He said he fears a bill request would not be authorized and could serve to jeopardize other legislation that he is carrying. [Pols emphasis]
In the Denver paper today, reporter Lynn Bartels quotes Rep. Claire Levy’s objection to raising per diem, the insistence she encountered from “some members” of the Joint Budget Committee that no state employees, not even the very lowest-paid among workers who haven’t seen a raise in four years, could receive any kind of salary increase. After all, Rep. Levy says, raising per diem “effectively is an increase in pay.” CD-3 candidate Sal Pace and Rep. Levy illustrate what could have been a potent political opportunity for Democrats, against Republicans who consistently vote to cut or freeze the pay of others, but just raised their own.
But any more news cycles like this, and Democrats can consider that opportunity squandered!

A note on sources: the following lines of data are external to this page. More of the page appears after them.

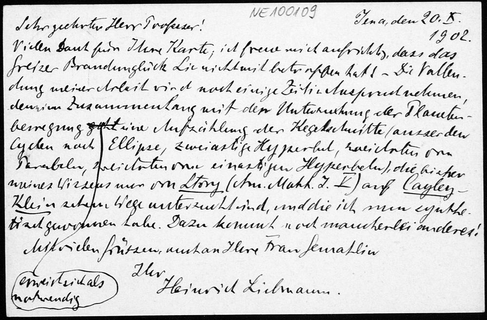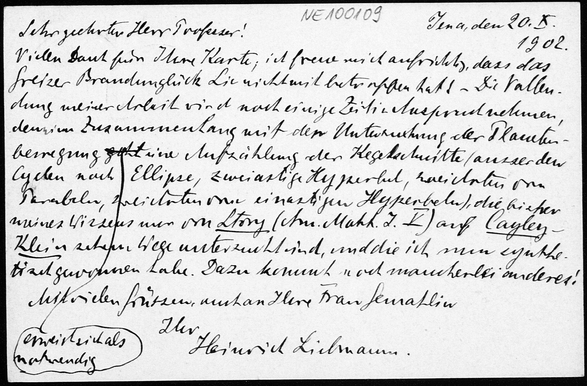 Postkarte von Heinrich Liebmann an Friedrich Engel vom 20.10.1902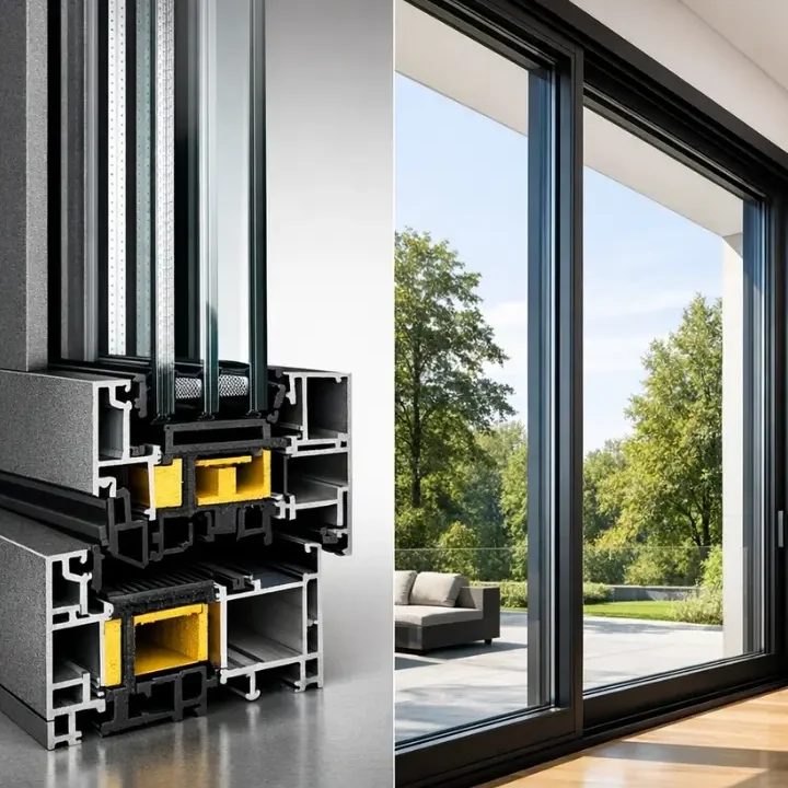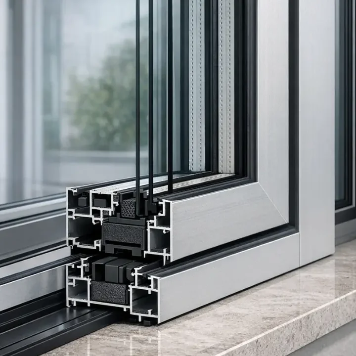 Sistema taglio termico da 48mm di sezione telaio , rappresenta un ottimo compromesso qualità prezzo per zone climatiche non particolarmente restrittive , A e B , sia sormonto che complanare con abbinamento ante fino a 93mm e alloggio per vetri fino a 42mm , valore di trasmittanza termica Uf : 3,33 W/m²K .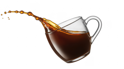 Tea splash with steam - brown tea splash with steam rising on transparent background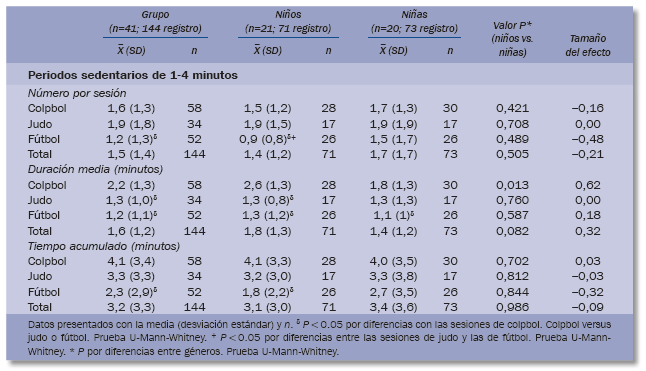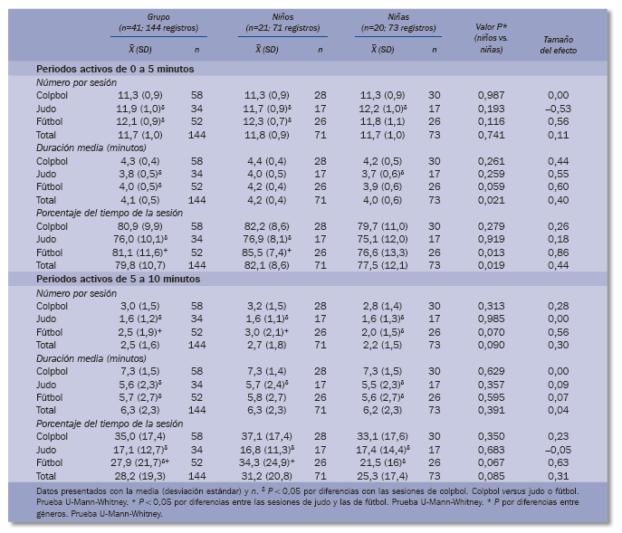 En el conjunto de todas las sesiones, las niñas presentan un número y una duración acumulada de periodos activos de corta duración inferiores que los niños. Esta diferencia puede atribuirse al diferente comportamiento durante las sesiones de fútbol, mientras que no se aprecian diferencias en el número y la duración de los periodos activos de corta duración entre los niños y las niñas para las sesiones de colpbol y judo. En las sesiones de fútbol las niñas acumulan menos tiempo en periodos activos de 0 a 5 minutos de duración y la duración media es ligeramente menor.

Folks, it’s not our job to bob our heads like sycophants as acts of manifest political cluelessness are carried out by members of either, or as the case may be both parties. Particularly frustrating in this situation is our agreement that elected officials in Colorado are significantly underpaid. But in an environment of budget cuts–after years of budget cuts–layoffs, and effective pay freezes, the timing of this decision to hike legislative per diem, especially after the way Speaker Frank McNulty mishandled the bill in the House, is an absolute political nightmare. And no amount of tough-guy bravado from John Morse, or even the odd and rare expenditure of political capital from Gov. John Hickenlooper himself, is going to change that.
Do you see the press you are getting? We are not making it up. Ignore it at your peril.